The three hydrophobic sequences play a major role in targeting and anchoring perilipins to lipid droplets.

Abbreviations: aa, amino acids; GFP, Green Fluorescent Protein; H1, H2, and H3, hydrophobic sequences of perilipin A from amino acids 243–260 (H1), 320–342 (H2), and 349–364 (H3)

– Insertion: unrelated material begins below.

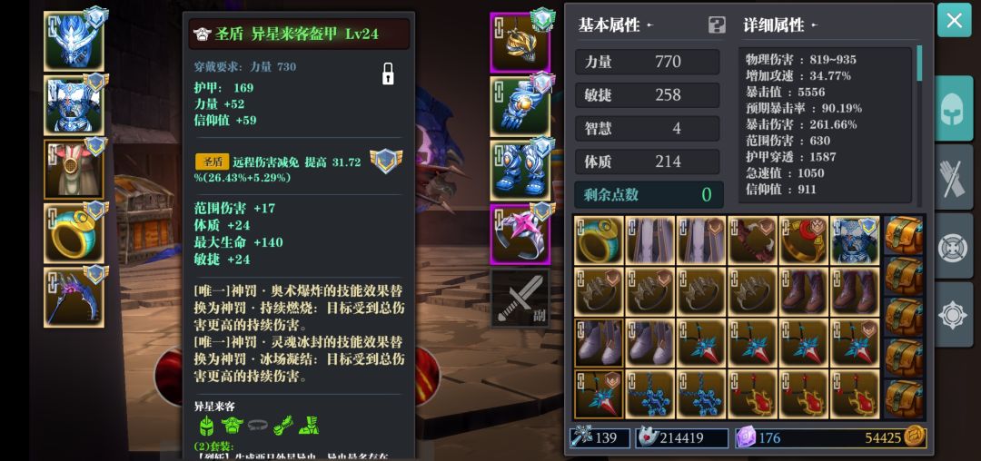 几点细节分享: 异星镰刀有减伤和回复,靠自身身板强度在轮回和无尽深渊里均有不错表现,但是玩的还是很少,催一下生,好像有点晚^_^ 天赋:为达到输出最大化,选剑盾 刚玩的可以选皇冠、斧头、魔气天赋均可,各有千秋。 符文:魔战士+健/坚+生命/护甲,懂得都懂 法盘:虚无+霸体+威力/防御(根据自身条件选一个,缺啥补啥) 视频中血量14000+,回血3600+,信仰值5200,不提面板都是耍流氓…… 轮
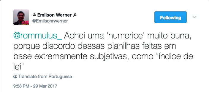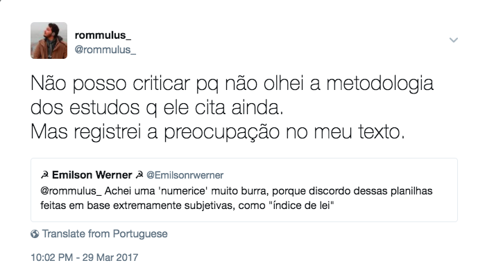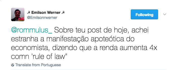 – Teríamos de olhar detidamente a metodologia desses estudos… e quais os proxies utilizados como marcadores de “império da lei” nos artigos indicados.

Supplementary key words adipocyte • triacylglycerol • neutral lipid • immunofluorescence microscopy • immunoblotting

	INTRODUCTION

TOP ABSTRACT INTRODUCTION EXPERIMENTAL PROCEDURES RESULTS DISCUSSION REFERENCES

 
Perilipins are lipid droplet-associated phosphoproteins that function as key regulators of triacylglycerol storage and hydrolysis in adipocytes (1–8). Perilipins are members of the PAT family of lipid droplet-associated proteins (9), which includes adipophilin (also called adipose differentiation-related protein) (10, 11), TIP47 (9, 12), and S3-12 (13, 14) as well as proteins in species as diverse as Drosophila (Lsd1 and Lsd2) and Dictyostelium (9). Three perilipin isoforms, perilipins A, B, and C, are encoded by alternatively spliced forms of mRNA transcribed from a single gene (15, 16). Perilipins A, B, and C share a common N terminus but have distinct C termini. Perilipin A is the longest isoform with a unique C-terminal sequence of 112 amino acids (aa) and is the most abundant lipid droplet-associated protein in adipocytes.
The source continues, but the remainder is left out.